Complex II deficiency--a case report and review of the literature.

机构信息

The Hospital for Sick Children, University of Toronto, Toronto, Ontario, Canada.

出版信息

Am J Med Genet A. 2013 Feb;161A(2):285-94. doi: 10.1002/ajmg.a.35714. Epub 2013 Jan 15.

Abstract

Complex II deficiency is a rare cause of mitochondrial respiratory chain defects with a prevalence of 2-23%. It is exclusively nuclear encoded and functions in the citric acid cycle by oxidizing succinate to fumarate and in the mitochondrial electron transport chain (ETC) by transferring electrons to ubiquinone.
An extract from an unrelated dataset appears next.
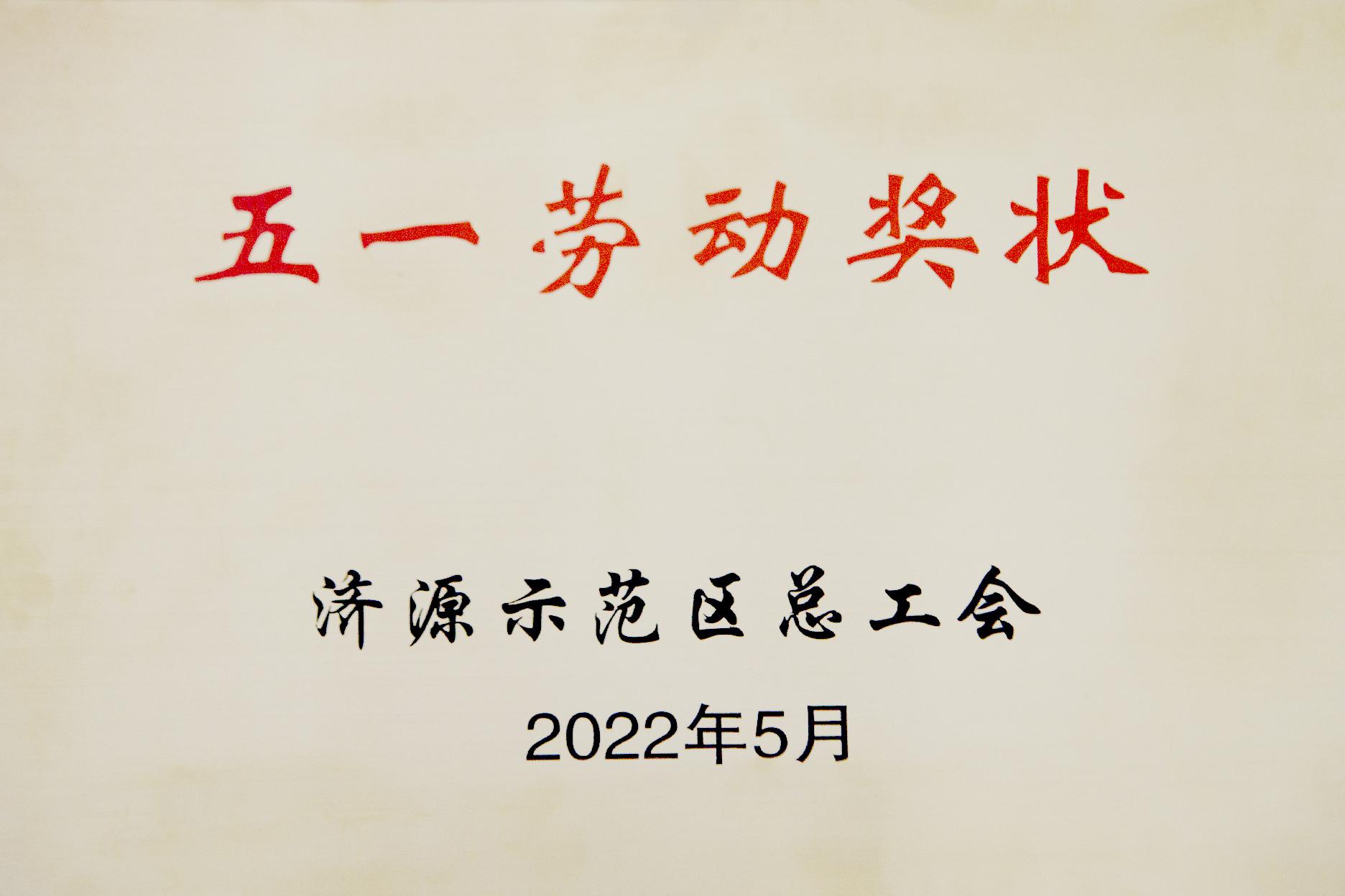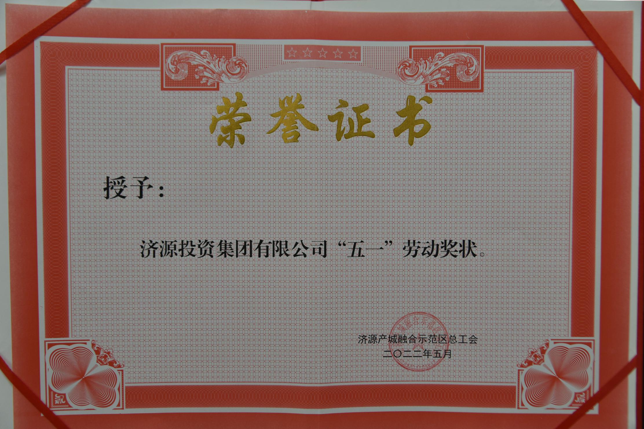5月24日,濟(jì)源示范區(qū)總工會(huì)授予濟(jì)源投資集團(tuán)有限公司“五一勞動(dòng)獎(jiǎng)狀”!

Of the four subunits, SDHA and SDHB are catalytic and SDHC and SDHD are anchoring. Mutations in SDHA and SDHAF1 (assembly factor) have been found in patients with CII deficiency and a mitochondrial phenotype. We present a patient with CII deficiency with a previously undescribed phenotype of dilated cardiomyopathy, left ventricular noncompaction, failure to thrive, hypotonia, and developmental delay. Also, a comprehensive review of 36 cases published in the literature was undertaken. The results show that CII deficiency has a variable phenotype with no correlation with residual complex activity in muscle although the phenotype and enzyme activities are comparable within a family. For some, the condition was fatal in infancy, others had multisystem involvement and some had onset in adulthood with mild symptoms and normal cognition. Neurological involvement is most commonly observed and brain imaging commonly shows leukoencephalopathy, Leigh syndrome, or cerebellar atrophy. Mutations in SDHAF1 are associated with leukoencephalopathy. Other organ systems like heart, muscle, and eyes are only involved in about 50% of the cases but cardiomyopathy is associated with high mortality and morbidity. In some patients, riboflavin has provided clinical improvement.

摘要

复合物 II 缺乏症是一种罕见的线粒体呼吸链缺陷的原因,患病率为 2-23%。它完全由核编码,通过将琥珀酸氧化为富马酸在柠檬酸循环中发挥作用,并通过将电子转移到泛醌在线粒体电子传递链(ETC)中发挥作用。在四个亚基中,SDHA 和 SDHB 是催化亚基,SDHC 和 SDHD 是锚定亚基。SDHA 和 SDHAF1(组装因子)的突变已在 CII 缺乏症和线粒体表型的患者中发现。我们报告了一名 CII 缺乏症患者,其先前未描述的表型为扩张型心肌病、左心室致密化不全、生长不良、张力减退和发育迟缓。此外,还对文献中发表的 36 例病例进行了全面回顾。结果表明,CII 缺乏症的表型具有变异性,与肌肉中残留的复合物活性无关,尽管在一个家族中表型和酶活性是可比的。对于一些患者,这种情况在婴儿期是致命的,其他患者有多种系统受累,有些患者在成年期发病,症状轻微,认知正常。神经病变最常见,脑部影像学通常显示脑白质病变、 Leigh 综合征或小脑萎缩。SDHAF1 的突变与脑白质病变有关。心脏、肌肉和眼睛等其他器官系统仅在大约 50%的病例中受累,但心肌病与高死亡率和发病率相关。在一些患者中,核黄素已提供临床改善。